● Given information:
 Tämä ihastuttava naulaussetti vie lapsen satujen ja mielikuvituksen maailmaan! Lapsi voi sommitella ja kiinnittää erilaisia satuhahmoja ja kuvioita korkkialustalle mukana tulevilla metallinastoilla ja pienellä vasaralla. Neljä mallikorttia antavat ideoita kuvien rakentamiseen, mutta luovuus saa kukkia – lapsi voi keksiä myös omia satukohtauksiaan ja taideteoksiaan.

==

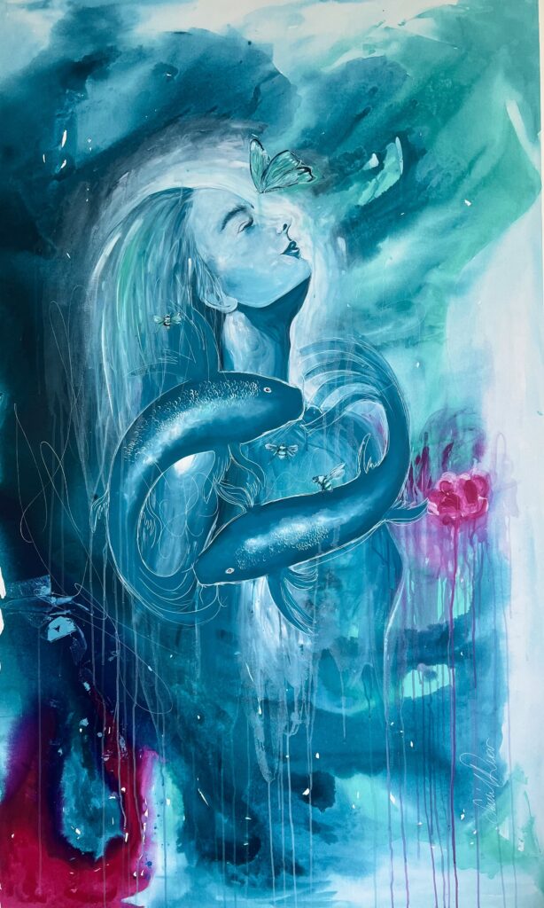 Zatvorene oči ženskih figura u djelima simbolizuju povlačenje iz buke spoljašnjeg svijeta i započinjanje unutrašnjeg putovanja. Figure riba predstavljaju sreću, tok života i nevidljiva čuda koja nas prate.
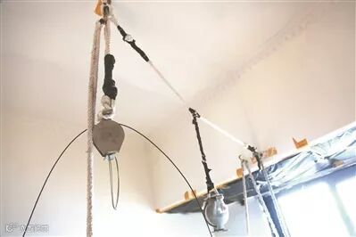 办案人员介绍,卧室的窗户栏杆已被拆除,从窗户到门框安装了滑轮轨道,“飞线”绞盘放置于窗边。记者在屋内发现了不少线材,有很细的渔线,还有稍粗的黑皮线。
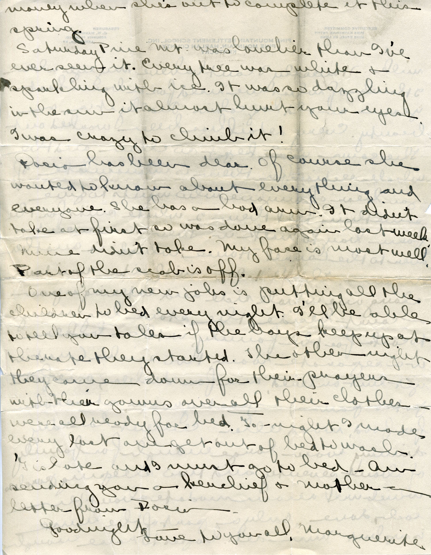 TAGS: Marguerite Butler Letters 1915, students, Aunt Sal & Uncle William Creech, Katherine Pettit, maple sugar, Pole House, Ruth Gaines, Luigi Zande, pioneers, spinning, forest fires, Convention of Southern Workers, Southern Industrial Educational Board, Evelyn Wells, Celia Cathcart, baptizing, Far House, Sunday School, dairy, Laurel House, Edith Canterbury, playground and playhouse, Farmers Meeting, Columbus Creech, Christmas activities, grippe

● Requirement: Working from the entries above, reproduce exactly and only the lines beginning with the line that has "Zatvorene oči ženskih" and ending with the line that has "办案人员介绍,卧室的窗户栏杆"; omit all pictures.

● Answer box:
 Zatvorene oči ženskih figura u djelima simbolizuju povlačenje iz buke spoljašnjeg svijeta i započinjanje unutrašnjeg putovanja. Figure riba predstavljaju sreću, tok života i nevidljiva čuda koja nas prate.
 办案人员介绍,卧室的窗户栏杆已被拆除,从窗户到门框安装了滑轮轨道,“飞线”绞盘放置于窗边。记者在屋内发现了不少线材,有很细的渔线,还有稍粗的黑皮线。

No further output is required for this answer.